*Task goal*:
The entries are to be reproduced verbatim, and their pictures left out.

*** Opening Exercise inputs ***

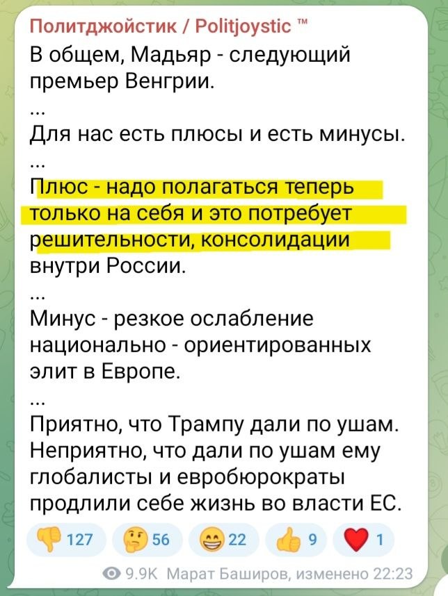 Не, ну то, что Орбан уже сам признал и поздравил Мадяра с победой - это внушает оптимизм.
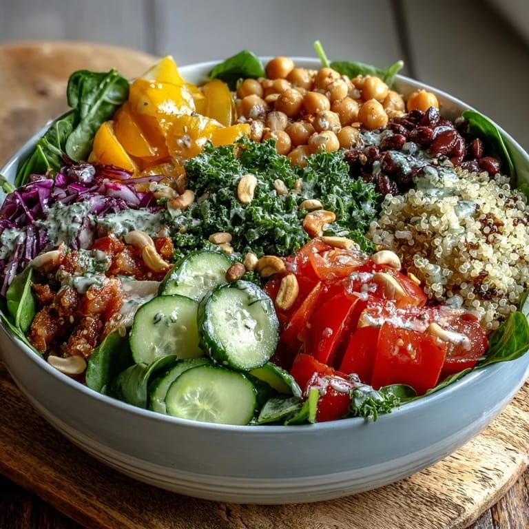 Save There's something magical about building a salad instead of tossing one together mindlessly. My neighbor brought over a rainbow bowl last summer, and I watched her arrange each ingredient in neat sections before tossing—suddenly vegetables I'd seen a hundred times looked exciting again. That simple act of intentionality changed how I approach salads, turning them from obligatory side dishes into something I actually crave. Now whenever I make this version at home, I find myself pausing to appreciate the colors before mixing it all together.
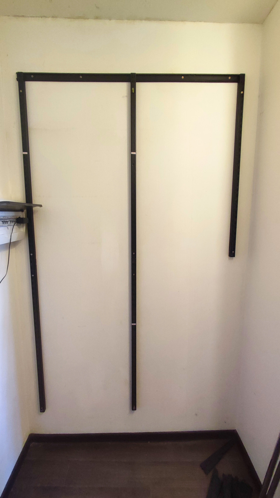 На фотографии показана вертикальная и горизонтальная металлическая направляющая система, закреплённая на светлой стене небольшого помещения. Элементы выполнены из перфорированного металла и установлены строго параллельно, что указывает на подготовку под монтаж полок или другого настенного оборудования. Внизу виден тёмный деревянный пол, а слева частично попадает в кадр полка с кабелем. Снимок подходит для материалов о ремонте, установке систем хранения и обустройстве подсобных помещений.
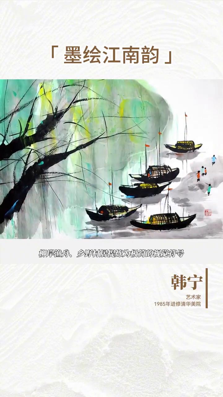 作品延续了韩宁标志性的"中西融合"创作脉络,以吴冠中式的诗意构图为骨融雕塑造型的精准与速写线条的灵动,将江南水乡的白墙黛瓦、柳岸渔舟、乡野村居提炼为极简的视觉符号。
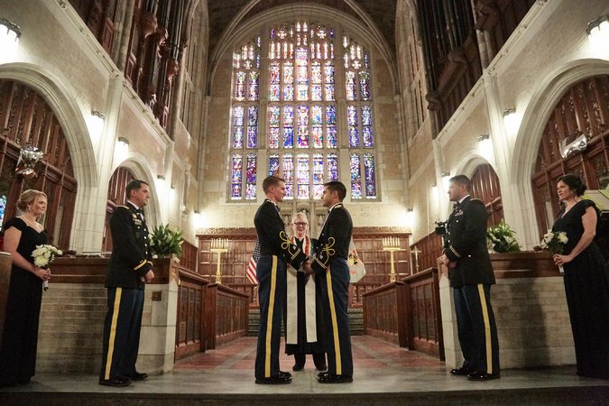 Первая гей-пара военных заключила брак в элитной Военной академии США в Вест-Пойнте. Об этом сообщает New York Times.

*** Closing Exercise inputs ***

*Finished task*:
 Не, ну то, что Орбан уже сам признал и поздравил Мадяра с победой - это внушает оптимизм.
 Save There's something magical about building a salad instead of tossing one together mindlessly. My neighbor brought over a rainbow bowl last summer, and I watched her arrange each ingredient in neat sections before tossing—suddenly vegetables I'd seen a hundred times looked exciting again. That simple act of intentionality changed how I approach salads, turning them from obligatory side dishes into something I actually crave. Now whenever I make this version at home, I find myself pausing to appreciate the colors before mixing it all together.
 На фотографии показана вертикальная и горизонтальная металлическая направляющая система, закреплённая на светлой стене небольшого помещения. Элементы выполнены из перфорированного металла и установлены строго параллельно, что указывает на подготовку под монтаж полок или другого настенного оборудования. Внизу виден тёмный деревянный пол, а слева частично попадает в кадр полка с кабелем. Снимок подходит для материалов о ремонте, установке систем хранения и обустройстве подсобных помещений.
 作品延续了韩宁标志性的"中西融合"创作脉络,以吴冠中式的诗意构图为骨融雕塑造型的精准与速写线条的灵动,将江南水乡的白墙黛瓦、柳岸渔舟、乡野村居提炼为极简的视觉符号。
 Первая гей-пара военных заключила брак в элитной Военной академии США в Вест-Пойнте. Об этом сообщает New York Times.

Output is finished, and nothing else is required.